When I first saw `LAG()` and `LEAD()` in an interview, I had no idea what they were.
The interviewer asked:
"Show each order amount along with the previous order amount for the same customer."
My noob brain immediately went into panic mode:
Brute Force / Noob Way (What most beginners do):
- Try to use self-join with complex date conditions
- Write messy subqueries
- Get confused with "previous" logic and end up with wrong results
- Eventually give up and say "I’ll do it in Python"
Sound familiar?
Today, I’m going to show you exactly how I learned to think about `LAG()` and `LEAD()` — from confused beginner to solving them confidently in interviews.

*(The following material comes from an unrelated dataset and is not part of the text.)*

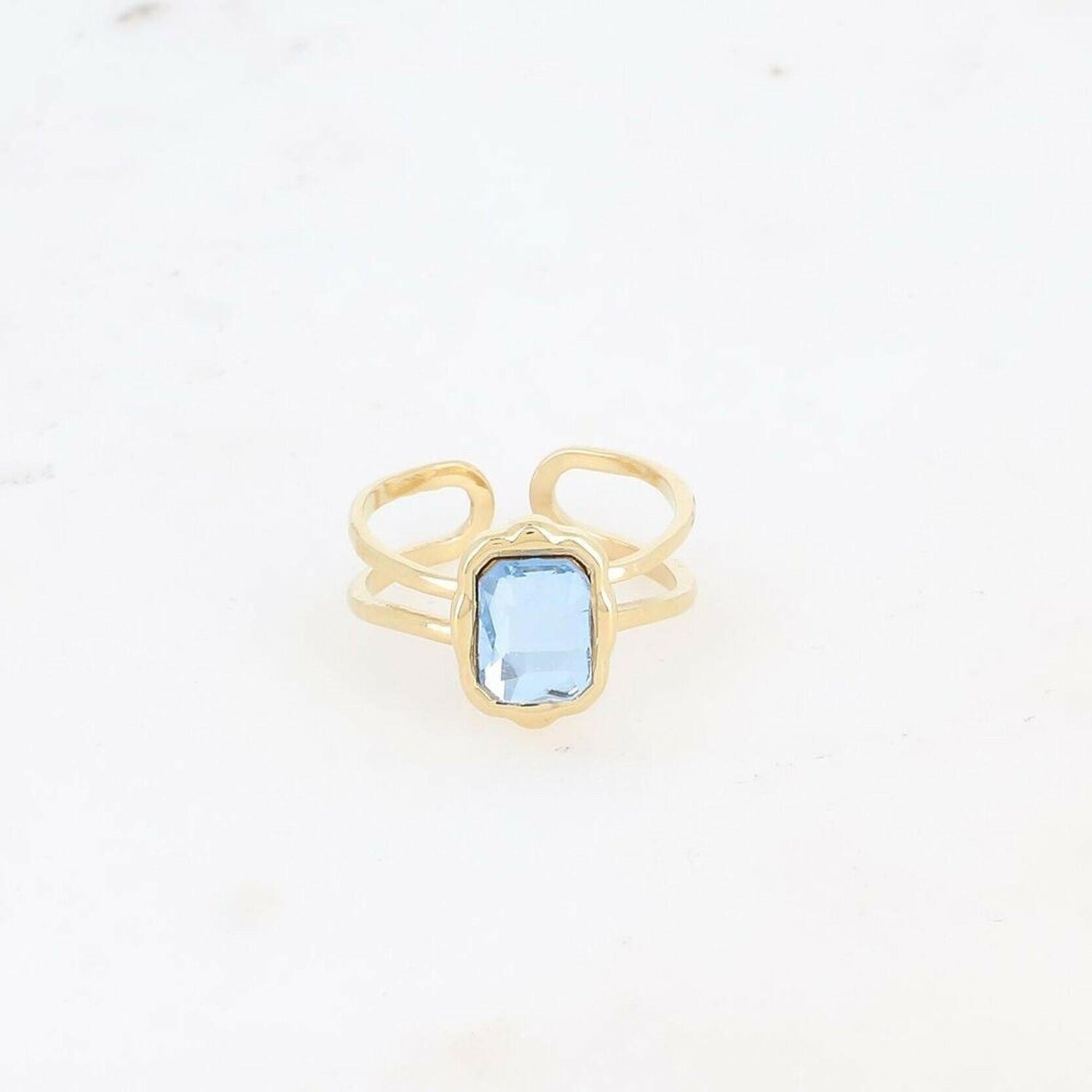 Stainless steel ring composed of an openwork ring and a cut crystal.

We’ll use our familiar `orders` and `users` tables. You can practice every question live here: [sqlpractice.in](https://sqlpractice.in)
Let’s break it down step by step.
First, Understand the Core Problem
Ranking and running totals were already tricky.
Now the interviewer wanted previous or next row values — without collapsing the data.
My initial thought was: “I need to look at the row before or after the current one.”
That’s exactly what `LAG()` and `LEAD()` do.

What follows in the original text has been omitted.